Gaduh brings his knowledge and research to the Sam M. Walton College of Business, where he began his duties in August as assistant professor for the Department of Economics. He has combined his computer science knowledge with economics by teaching a graduate-level course in econometrics–the use of using mathematical models, such as statistics, in describing economic systems. He also teaches an undergraduate course called Economic Development, Poverty, and the Role of the World Bank and IMF in Low-Income Countries as well as a graduate level international development course.
Gaduh, who earned his Ph.D. at the University of Southern California, says he found the University of Arkansas an attractive place to work for many reasons, including the Walton College’s Behavioral Business Research Lab, the economics department’s interest in international economic development research “and it’s such a nice place.”
He was pleased to learn his research interests overlap with several other Walton College faculty members, which presents opportunities for collaboration. He also enjoys teaching here. “The students are sharp and highly motivated,” he says.
Gaduh transitioned from computer science into the economics field by earning a graduate diploma and a master in philosophy followed by a Ph.D. in the concentration in 2013. During that time, he began defining his research interests.

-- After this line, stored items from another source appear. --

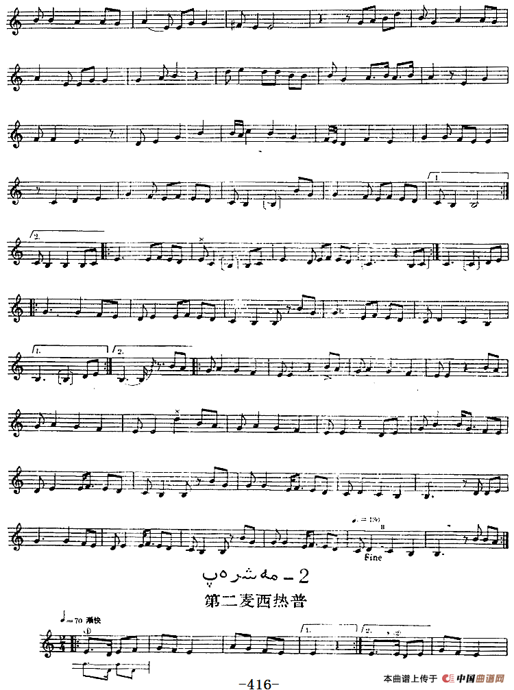 十二木卡姆:Ⅷ 乌夏克木卡姆 412——418(主旋律谱)相关五线谱
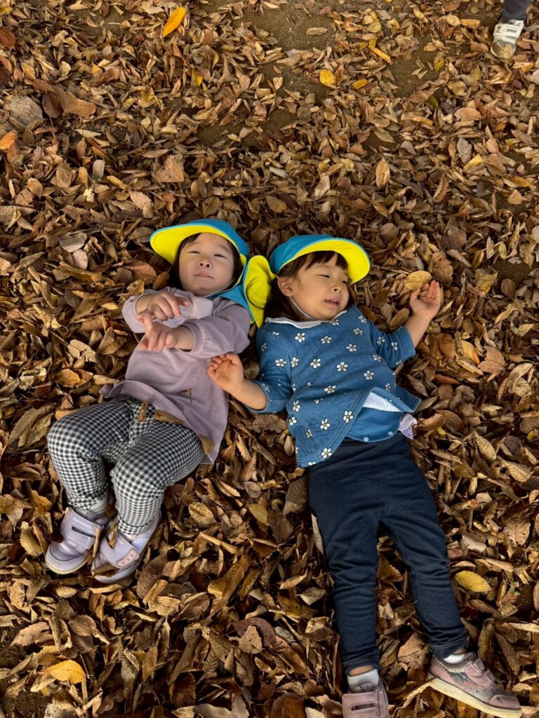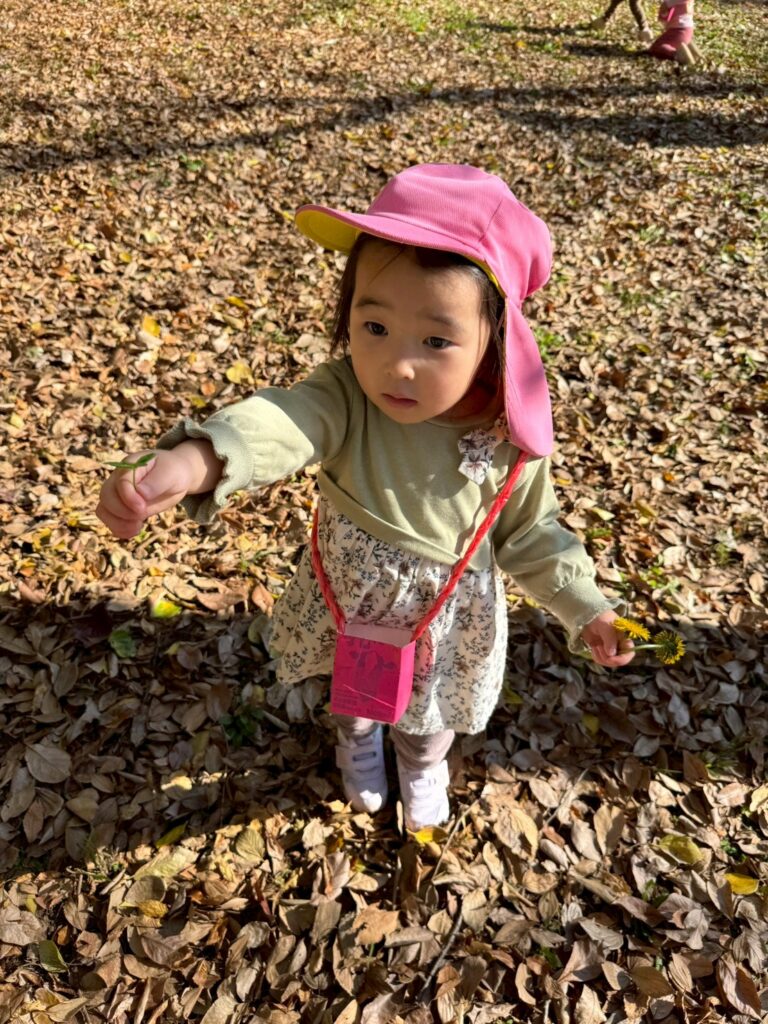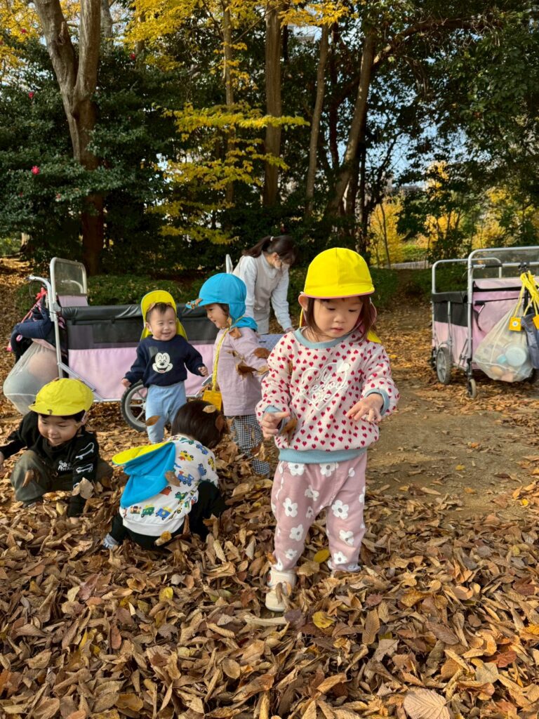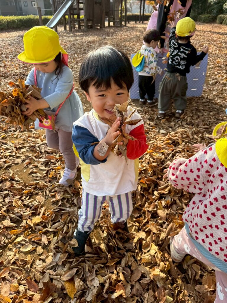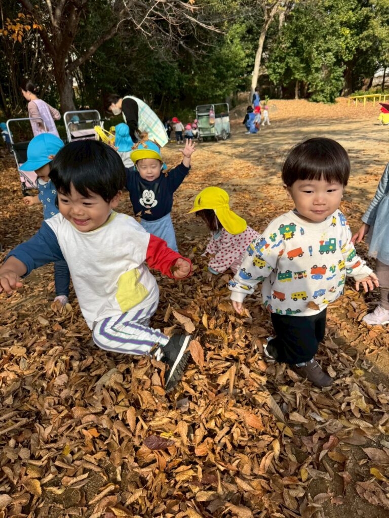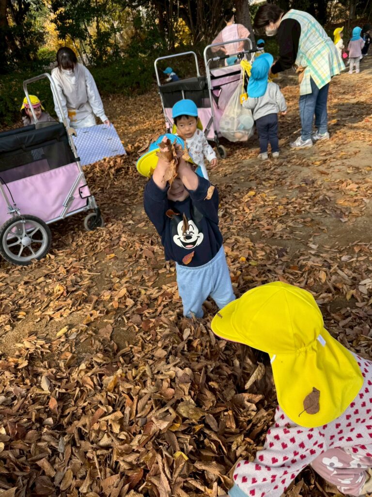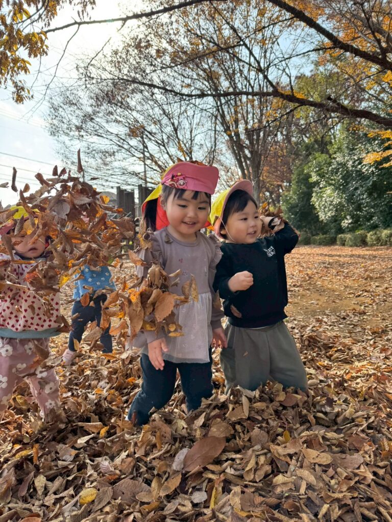 落ち葉を降る様子を見て、友だちと笑い合う姿も見られましたよ🍂
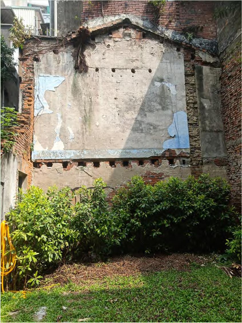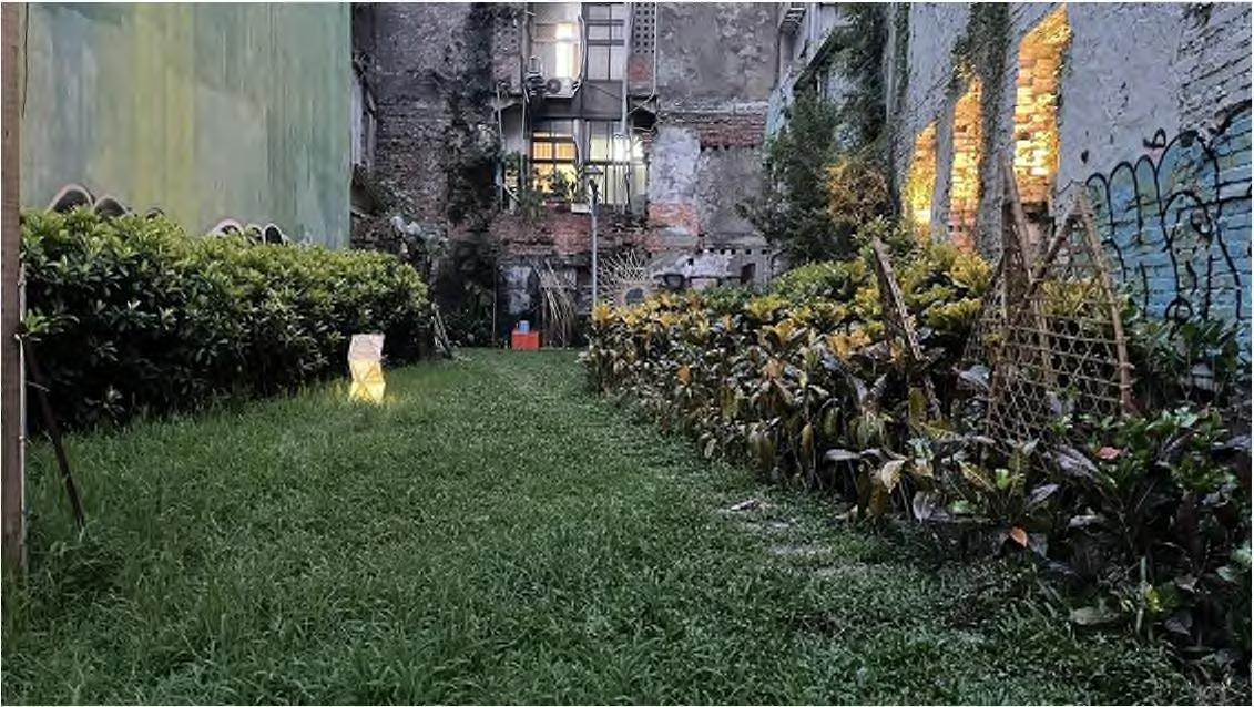 可以附掛與古牆保持距離的植栽槽(形式未定),以倚靠或獨立的模式栽種耐陰植 物如蕨類。設置太陽能控制之定時滴、噴灌系統以確保存活率並降低維管需求。掛 網、植栽槽以及成⻑的植物等空間配置,較不利於塗鴉者之展示意味。
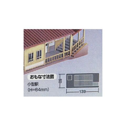 製品はグレーの成型色(未塗装) 対向式ホームの駅に見られる、平屋建ての駅舎のキットです。 駅前の売店やポスト、電柱パーツなども付属します。 別売りの都市型対向式ホームセット(No.2131)と組み合わせることができます。
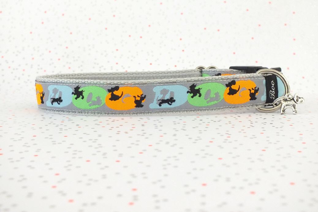 Das Halsband hat eine aufgenähte Webbordüre und eine samtig weiche Unterfütterung. Durch einen Metall Schieber ist es stufenlos größenverstellbar ohne am Hals zu verrutschen. Leicht gewölbt sorgt ein schwarzer Klickverschluss für einen guten Sitz am Hundehals. Der kleine Anhänger ist nur Tüddelkrams fürs Foto und könnte anders ausfallen. Das Material ist waschbar bis 30 Grad. Meine Empfehlung für dich ist Handwäsche um die tollen Farben und das Material zu schonen.
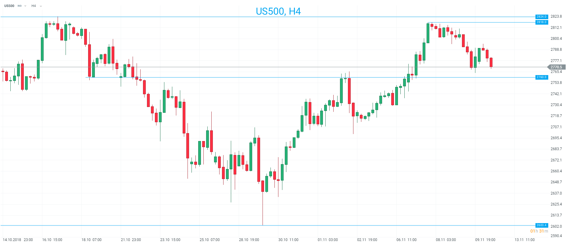 The US500 rallied fairly strongly last week after the midterm election results were known but the prior swing high around 2824 wasn’t breached to the upside and there is still a feeling that we may not have seen the end of the selling which caused the market to swoon in October. Price has fallen back near the 2760 level and this is a region to look to for possible support having previously attracted buyers before offering resistance last week. Following the election results the market made a clean break up through here and as such it could be important to see if the market can hold above it.
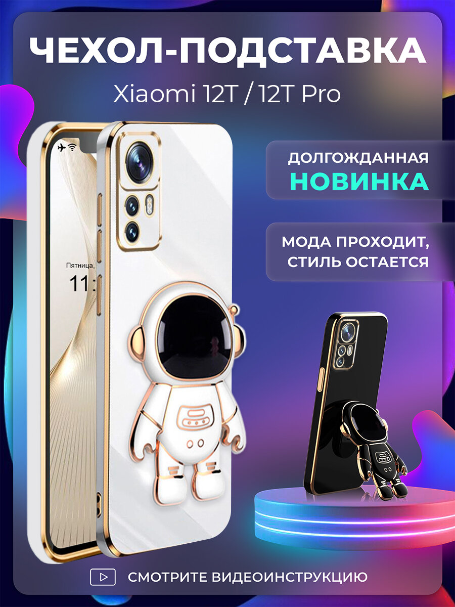 Чехол на Xiaomi 12T / 12T Pro защитный бампер с подставкой-попсокетом Космонавт на Сяоми 12Т/12Т ПРо Белый интересное:
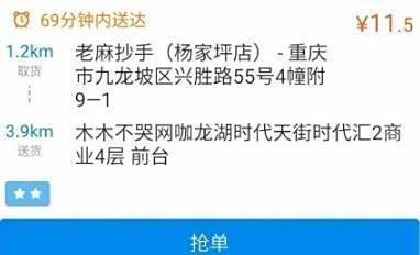 通过之后就可以接单了,每个订单都会显示公里数,上面的是你当前所在位置与商家之间的距离,下面的是商家与客户之间的距离,所以接单的时候一定要好好衡量,以免超时。
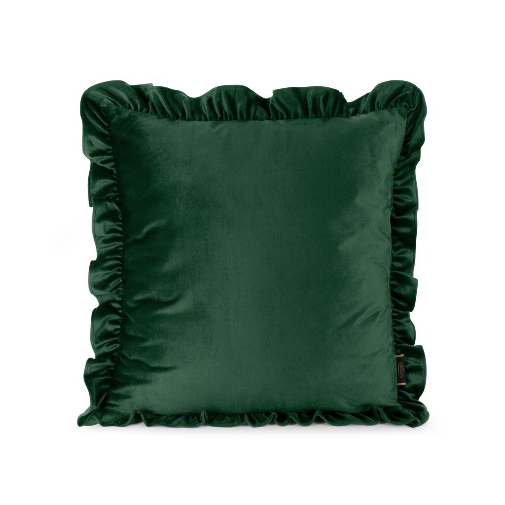 Bársony párnahuzat fodrokkal szélesség: 45 cm, hossza: 45 cm, szín: sötétzöld, súly: 210 GSM, összetétel: Anyaga: 100% poliészter
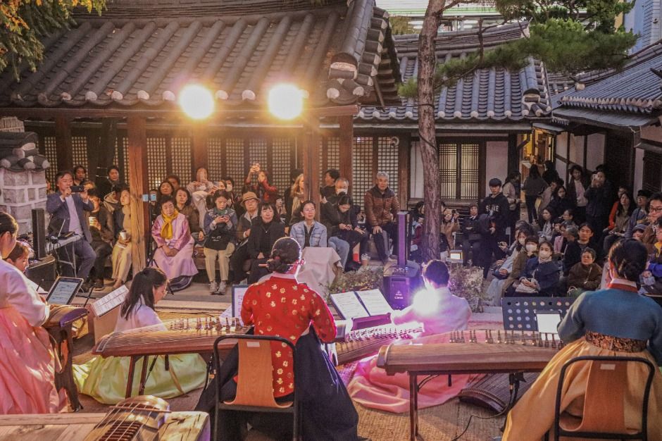 공연은 일부 한옥에서는 마당에서 펼쳐지고, 일부는 작은 실내 공간에서 진행돼요. 조용히 앉아 전통과 현대가 어우러진 퍼포먼스를 감상할 수 있어요.

For example, he says he wanted to look at ways to improve public education in Indonesia by getting parents involved. In a project developed by the World Bank and the Indonesian Ministry of National Education, he and his fellow researchers evaluated a pilot program to empower parent-teacher associations in rural villages in Indonesia.
Empowering these associations, when coupled with efforts to involve village leaders, led to improvements in learning outcomes, he says. For instance, in one village, parents successfully proposed a village-mandated curfew for students. He says parental involvement appears to improve education there and the Indonesian government is looking at implementing a similar program on a larger scale.
Gaduh also researches religious identity and how it affects the trusts between strangers of different faiths. He says his research indicates people have a greater trust with those within their religions and are less accepting of those who are not.
As Gaduh continues his teaching and research, he says he’s happy to be at the Walton College–a place where can fulfill his goal in making a difference.